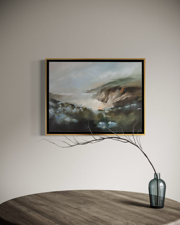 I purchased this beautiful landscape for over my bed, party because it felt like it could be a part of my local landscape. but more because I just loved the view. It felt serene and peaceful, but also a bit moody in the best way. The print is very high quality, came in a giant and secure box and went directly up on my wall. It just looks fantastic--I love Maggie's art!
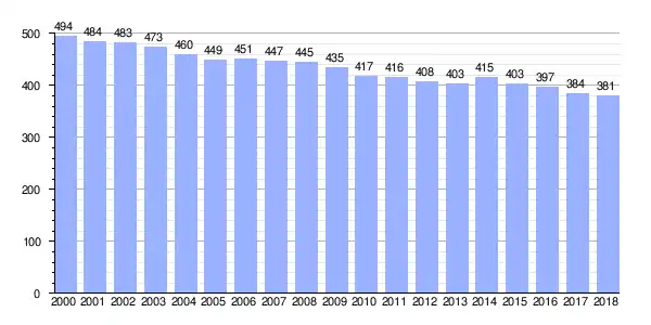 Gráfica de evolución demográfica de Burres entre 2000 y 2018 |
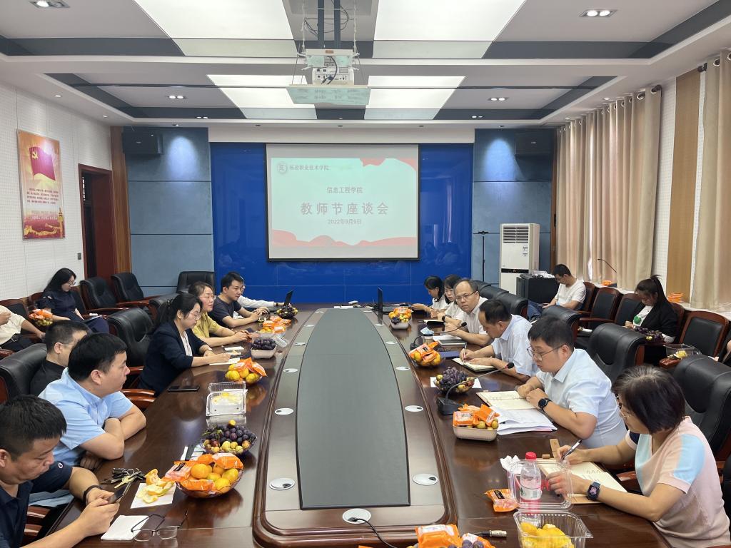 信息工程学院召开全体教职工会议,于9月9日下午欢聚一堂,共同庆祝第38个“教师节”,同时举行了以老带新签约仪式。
* * *
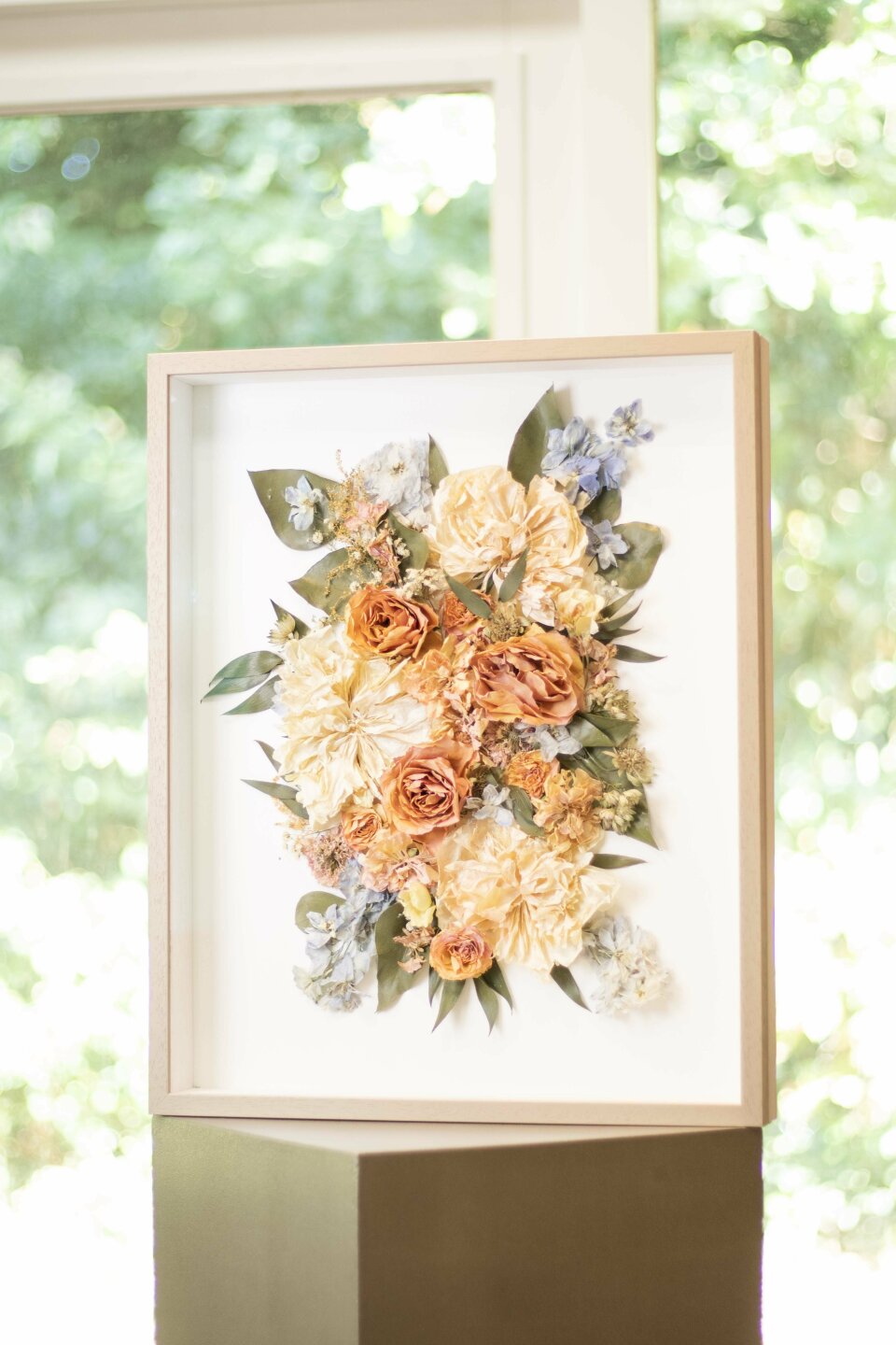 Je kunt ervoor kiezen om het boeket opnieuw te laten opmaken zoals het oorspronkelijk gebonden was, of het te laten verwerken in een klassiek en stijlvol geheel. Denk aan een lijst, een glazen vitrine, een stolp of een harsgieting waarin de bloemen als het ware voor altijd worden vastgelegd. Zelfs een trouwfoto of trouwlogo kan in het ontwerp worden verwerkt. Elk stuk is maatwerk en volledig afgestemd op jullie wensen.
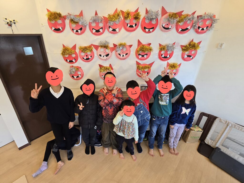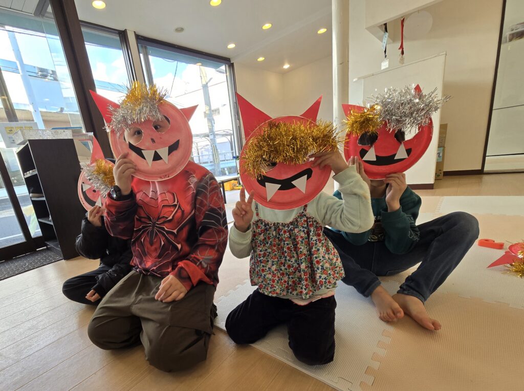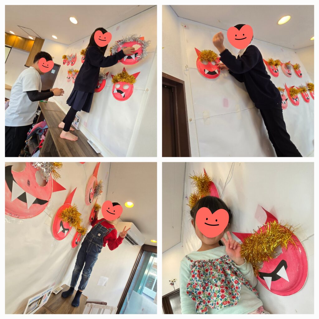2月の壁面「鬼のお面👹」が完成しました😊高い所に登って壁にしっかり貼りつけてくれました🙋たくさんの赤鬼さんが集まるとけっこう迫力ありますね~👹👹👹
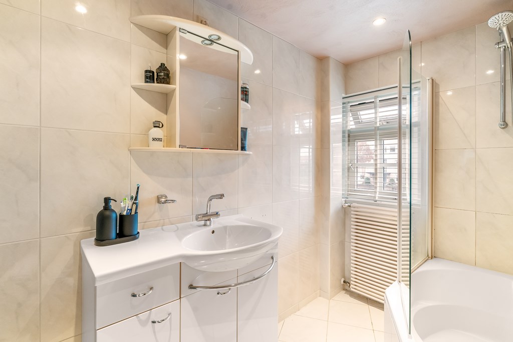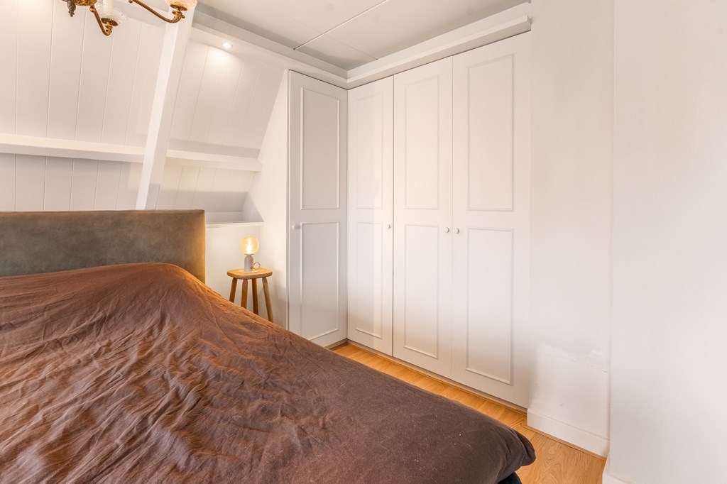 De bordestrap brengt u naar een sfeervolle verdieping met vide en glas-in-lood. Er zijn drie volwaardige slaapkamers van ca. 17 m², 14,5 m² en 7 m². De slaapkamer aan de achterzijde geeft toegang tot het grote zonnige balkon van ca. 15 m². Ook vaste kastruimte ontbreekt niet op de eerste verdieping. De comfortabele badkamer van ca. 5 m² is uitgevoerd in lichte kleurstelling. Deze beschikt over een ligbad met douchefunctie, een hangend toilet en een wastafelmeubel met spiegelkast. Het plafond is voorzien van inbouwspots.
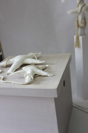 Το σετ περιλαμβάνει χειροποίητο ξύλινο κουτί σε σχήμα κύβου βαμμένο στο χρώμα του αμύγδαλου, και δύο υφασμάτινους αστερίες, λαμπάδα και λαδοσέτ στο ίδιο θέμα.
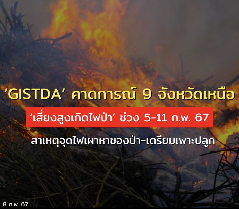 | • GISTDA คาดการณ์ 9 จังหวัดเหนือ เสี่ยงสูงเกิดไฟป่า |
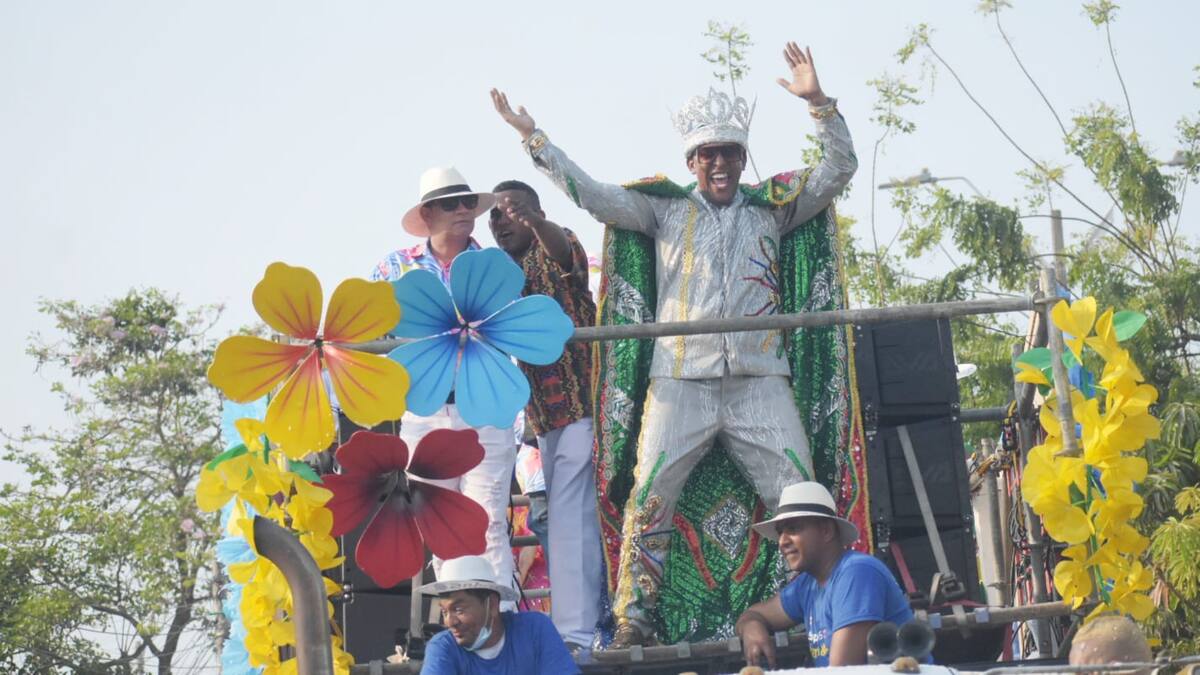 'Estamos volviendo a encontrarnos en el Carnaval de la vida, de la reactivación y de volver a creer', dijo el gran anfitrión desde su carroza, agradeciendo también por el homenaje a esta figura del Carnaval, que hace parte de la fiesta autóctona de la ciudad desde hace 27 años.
--
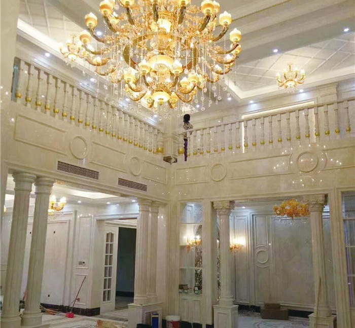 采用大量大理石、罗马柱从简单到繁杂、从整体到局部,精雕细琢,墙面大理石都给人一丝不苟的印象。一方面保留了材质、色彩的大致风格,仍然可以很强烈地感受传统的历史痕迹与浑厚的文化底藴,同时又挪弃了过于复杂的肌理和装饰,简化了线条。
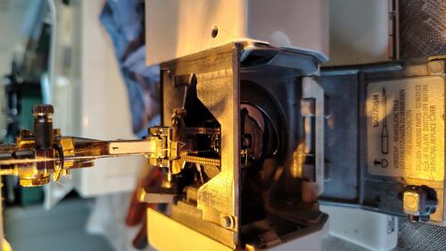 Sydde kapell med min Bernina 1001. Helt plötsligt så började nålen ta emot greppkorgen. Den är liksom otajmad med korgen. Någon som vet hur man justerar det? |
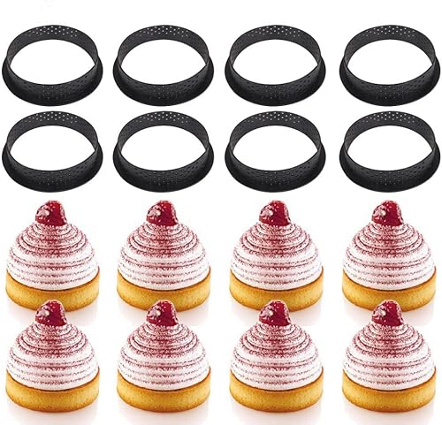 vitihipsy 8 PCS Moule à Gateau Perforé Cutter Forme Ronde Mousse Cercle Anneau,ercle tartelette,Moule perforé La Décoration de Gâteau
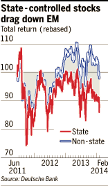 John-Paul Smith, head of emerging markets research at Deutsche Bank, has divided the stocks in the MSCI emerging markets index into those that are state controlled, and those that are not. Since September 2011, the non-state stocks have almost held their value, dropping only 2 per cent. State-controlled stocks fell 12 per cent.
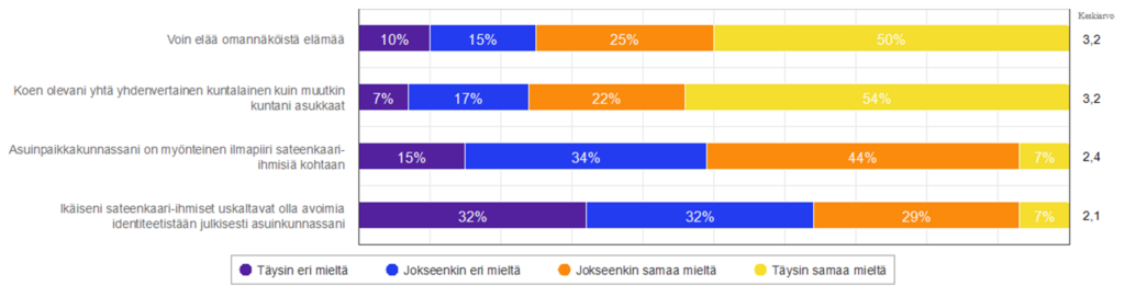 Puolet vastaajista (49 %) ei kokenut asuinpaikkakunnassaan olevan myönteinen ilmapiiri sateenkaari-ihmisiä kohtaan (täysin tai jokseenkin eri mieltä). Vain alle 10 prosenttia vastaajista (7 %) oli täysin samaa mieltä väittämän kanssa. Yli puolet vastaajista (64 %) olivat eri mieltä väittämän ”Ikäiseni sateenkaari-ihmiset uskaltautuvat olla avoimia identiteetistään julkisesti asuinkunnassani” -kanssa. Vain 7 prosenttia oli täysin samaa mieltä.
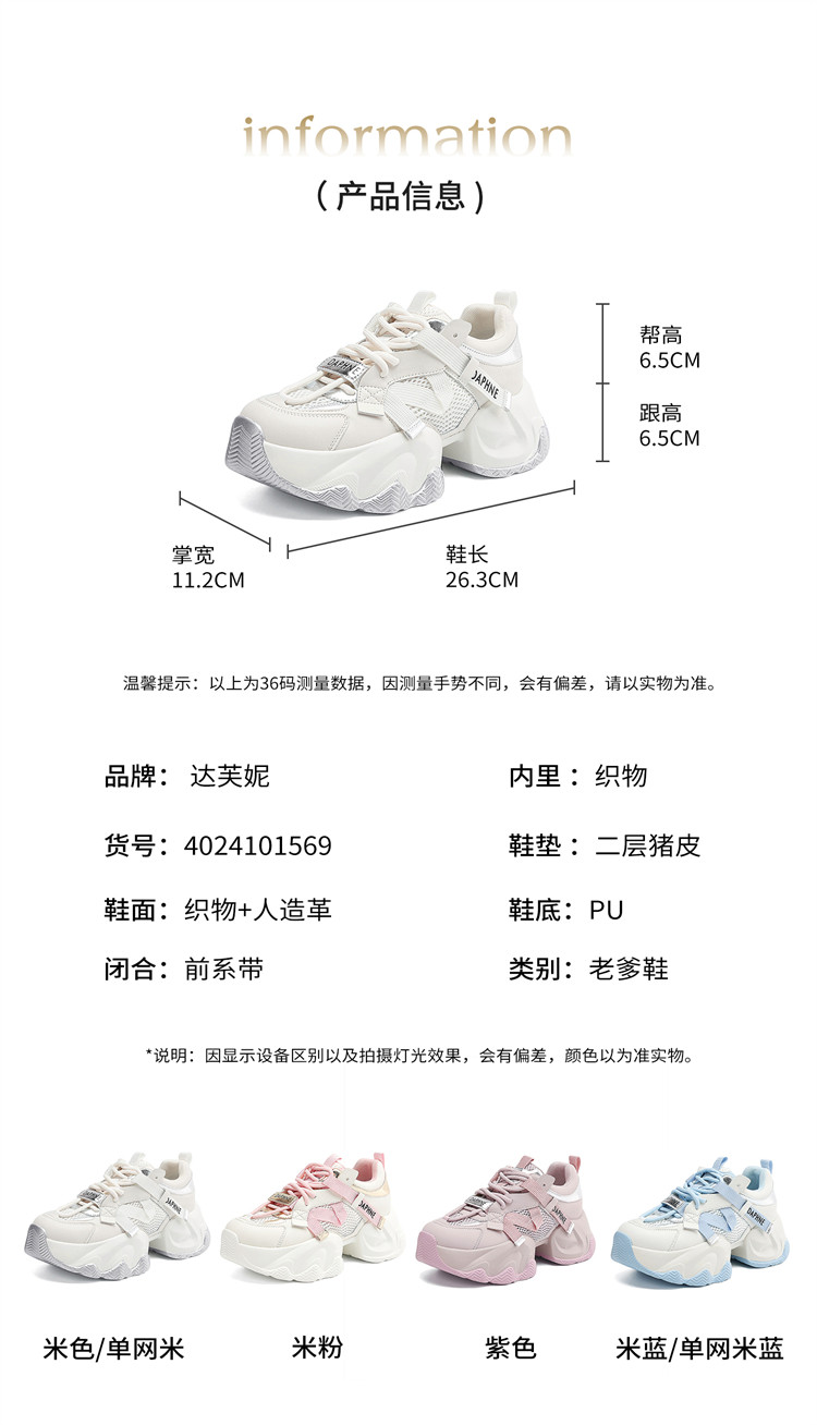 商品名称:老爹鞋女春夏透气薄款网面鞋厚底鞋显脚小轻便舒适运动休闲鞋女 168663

● **PROBLEM DETAILS**
What is needed is an exact copy of the lines above from the one with "Το σετ περιλαμβάνει" to the one with "hace 27 años.", both ends kept, and nothing more; please leave the pictures out.

● **RESULT OF THIS EXERCISE**
 Το σετ περιλαμβάνει χειροποίητο ξύλινο κουτί σε σχήμα κύβου βαμμένο στο χρώμα του αμύγδαλου, και δύο υφασμάτινους αστερίες, λαμπάδα και λαδοσέτ στο ίδιο θέμα.
 | • GISTDA คาดการณ์ 9 จังหวัดเหนือ เสี่ยงสูงเกิดไฟป่า |
 'Estamos volviendo a encontrarnos en el Carnaval de la vida, de la reactivación y de volver a creer', dijo el gran anfitrión desde su carroza, agradeciendo también por el homenaje a esta figura del Carnaval, que hace parte de la fiesta autóctona de la ciudad desde hace 27 años.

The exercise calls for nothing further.